Halbuki namahreme bakmamak, doğru yoldan sapmamak, namusunu iyi korumak, şehvete esir, nefse köle, şeytana maskara olmamak şart, farz, zaruri, zorunlu, mecburi. Çünkü toplum düzeni, aile nizamı, dinin kıvamı, ahlâkın devamı buna bağlı.

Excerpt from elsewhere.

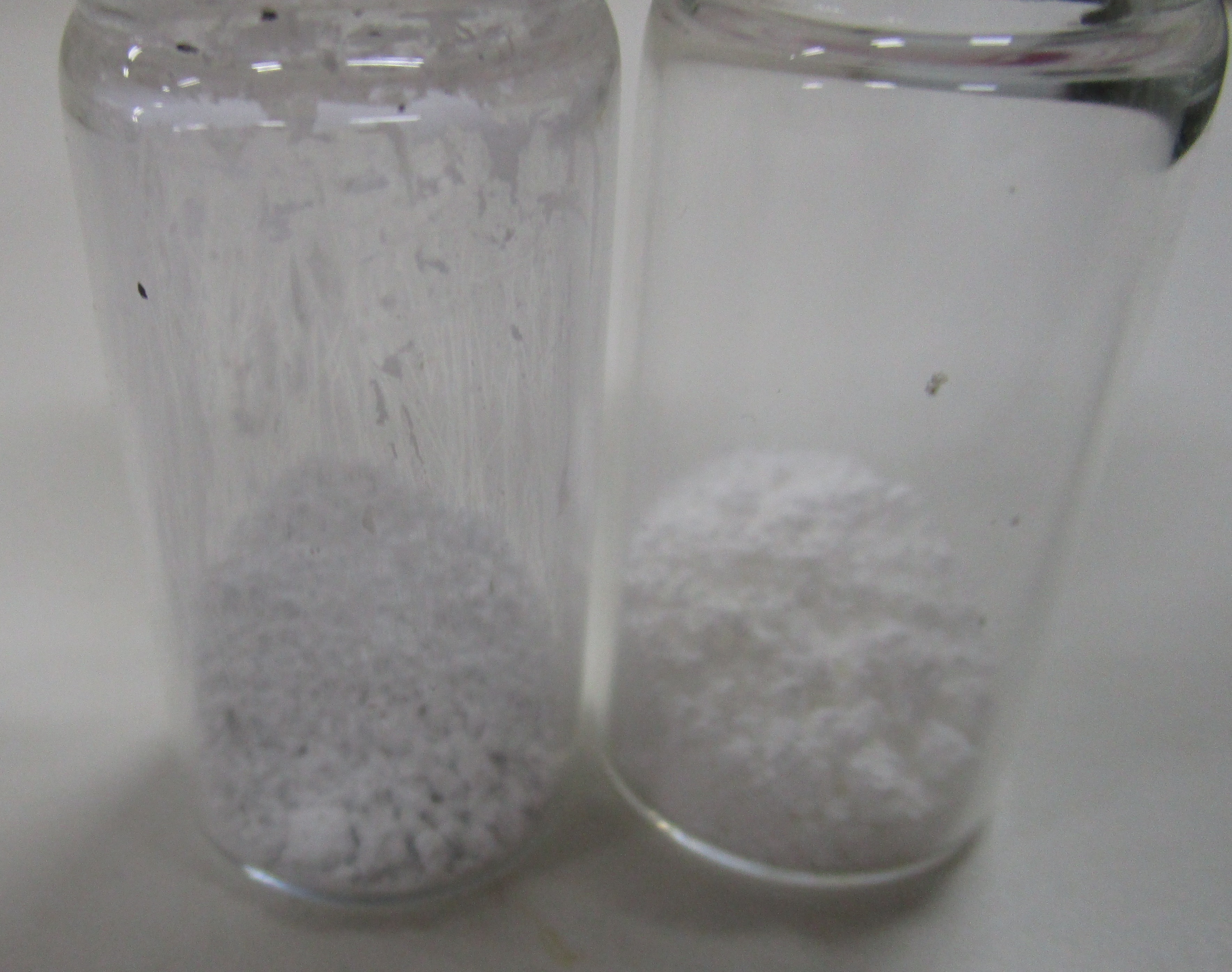 高繰返しパルスレーザー照射直後 粉末 左:レーザー照射後 中央:酸化チタン粒子

Nefis, keyif ehlidir, zevkperesttir, havâîdir, haylazdır, yaramazdır. Saz ister, söz ister, çalgı ister tatlı ister, tuzlu ister, turşu ister, kadayıfı bulur kaymak ister, istirahatı bulur, şak şak ister, zengin olur makam ister, rıyaset ister, izzet ü itibar, kudret u iktidar ister. Başkan olur saray ister, kumaş bulur ipek ister, sıhhat bulur, rahat bulur tantana, saltanat, sanat, bale, orkestra, heykel, anıt ister, nam u şan ister; sade giyinmez, süs, zinet, pırlanta, zümrüt, yakut, mücevher ister, köşk bulur yalı ister, yalı bulur yağlı boya tablo, antika eşya ister...

Hasılı, cihanı mahveden, halkları kahreden nefistir, diktatörleri savaşa sürükleyen nefistir, hırsıza hırsızlığı yaptıran nefistir, rüşvetçiye rüşveti aldıran nefistir, zalime mazlumu sömürttüren nefistir, kâfirin mümin olmasını engelleyen nefistir, cihanı fesada veren nefistir, ahireti mahvettiren nefistir, kişiyi Allah'ın kahrına uğratan nefistir, cehennemde çatır çatır, cayır cayır yandıran nefistir.

O halde bu zalim nefsi mutlaka ıslâh etmek lâzımdır, onu müslüman yapmak şarttır, kurtuluş için başka yol yoktur, iki cihanda rahata, felaha ermek, iflah olmak, saadet bulmak nefsi terbiye ve tezkiye eylemekle mümkündür.

Nefsini terbiye eden, insan-ı kâmil olur, halkça matlub, Hakk'a mahbub olur, iki cihanda aziz ve şerif, berhurdar ve bahtiyar olur. Ne mutlu nefsini ıslâh edip, Müslüman eyleyebilenlere!

Bu ramazan ayı, bu oruç, bu teravih, bu zikir, bu Kuran, bu ibadat u taat, bu hayrat u hasenat nefsin ıslahı için çok güzel, çok mükemmel, çok muhteşem, çok önemli bir fırsattır.

Bu fırsatı lûtfen, kaçırmamağa çalışın; Allahu taalâ muîniniz olsun!